Explicitly deferred; tracked in follow-up issues:

  • WorkOS Terraform provider. No mature provider exists at the time of writing. WorkOS stays dashboard-managed with a monthly reconciliation checklist. Revisit when a provider lands.
  • Connector-dev Azure infra migration to shared TFC state. sv0-connectors/infra/ stays on local state + 1Password SP credentials until/unless we need shared state (e.g., for per-customer connector Azure SPs at scale).
  • Hetzner VM Terraform. Transitional infrastructure; stays hand-managed until decommission.
  • AWS Organizations landing zone (accounts, SCPs, budgets from the 2026-03-31 infra strategy). Deferred until we commit to AWS as the post-pilot compute cloud AND have >1 workload there.
  • Cloudflare token narrowing (follow-up within 30 days of Phase 1 merge). Phase 1 uses a scoped Cloudflare API Token with Zone:Edit + Zero Trust:Edit + Account:Read on securityv0.com. If we later want to narrow further (e.g., per-environment tokens with only the zones each environment touches), this is a credential cutover — generate the narrower token, update TFC workspace variables, run terraform plan to confirm no drift, then revoke the broader token. Not "edit in place." Prerequisite §5 now specifies the scoped API Token from day 1, not the legacy Global API Key (which is account-wide and cannot be narrowed).

Quarterly ops sprint — security and rotation

Per ADR-019 §5, every 90 days there is a scheduled ops sprint that:

  1. Rotates every root token stored in 1Password sv0-infra (Cloudflare, Atlas, GitHub, BetterStack, Grafana Cloud, TFC, Hetzner).
  2. Updates corresponding TFC workspace variables.
  3. Triggers Terraform-driven GitHub Actions secret rotations via PR.
  4. Documents the security scoping decisions made during rotation (e.g., "this quarter we scoped the Cloudflare token from Global to zone-specific; here's the token's permissions table").
  5. Reviews the drift-allowlist.md entries in each workspace and removes stale known-drift exceptions.

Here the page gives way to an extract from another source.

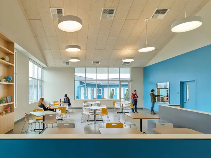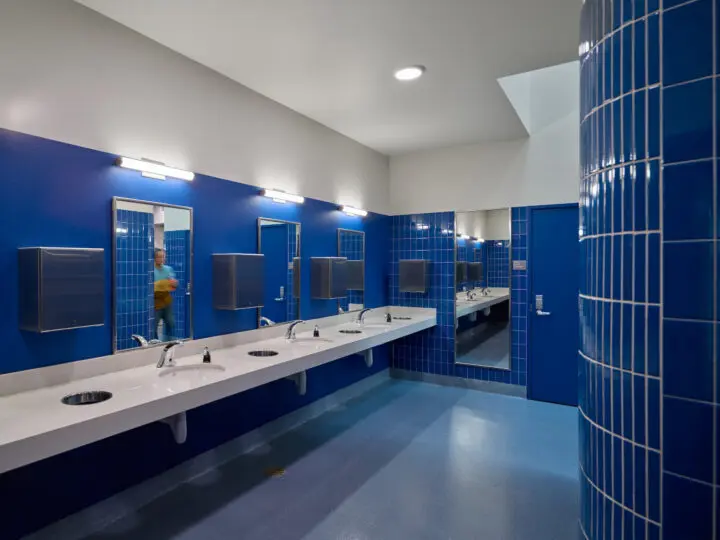 Hillsboro Shelter’s main building provides 36 shelter beds—each located in its own individual alcove and equipped with a light, charging station, storage, and a curtain for privacy. Here, a dining room serves dual purpose as a community lounge and a coffee bar, providing guests with coffee and snacks throughout the day. A quiet room is available to aid in de-escalation and provide a space for solitude. The restrooms are designed for maximum safety and privacy, with individual shower and toilet rooms instead of stalls.

The first scheduled sprint is 2026-07-23 (90 days after this plan's acceptance). Reminder goes in Ivan's calendar and as a recurring GitHub issue in sv0-infrastructure.

Tracking

PhaseIssueOwnerStatus
PrerequisitesCreate sv0-infrastructure repo + TFC org + 1Password vault entriesIvanblocks Phase 1
Phase 1sv0-documentation#203 until sv0-infrastructure exists, then replace with repo-local issueClaude drafts, Ivan reviewsnot started
Phase 2sv0-infrastructure#7 (PR #8)Claude drafts, Ivan reviewscluster scaffold open for review; GH-env-secrets follow-up after cluster is live
Phase 3sv0-infrastructure#? + sv0-platform#?tbdqueued behind pilot-stable
Phase 4sv0-infrastructure#?tbdqueued behind observability stack rollout (sv0-platform#494)
Quarterly sprintscheduled for 2026-07-23Ivanrecurring

Umbrella epic: sv0-documentation#195 (MediaPro readiness) references Phases 1-2. Phases 3-4 get their own follow-up issues when their triggers fire.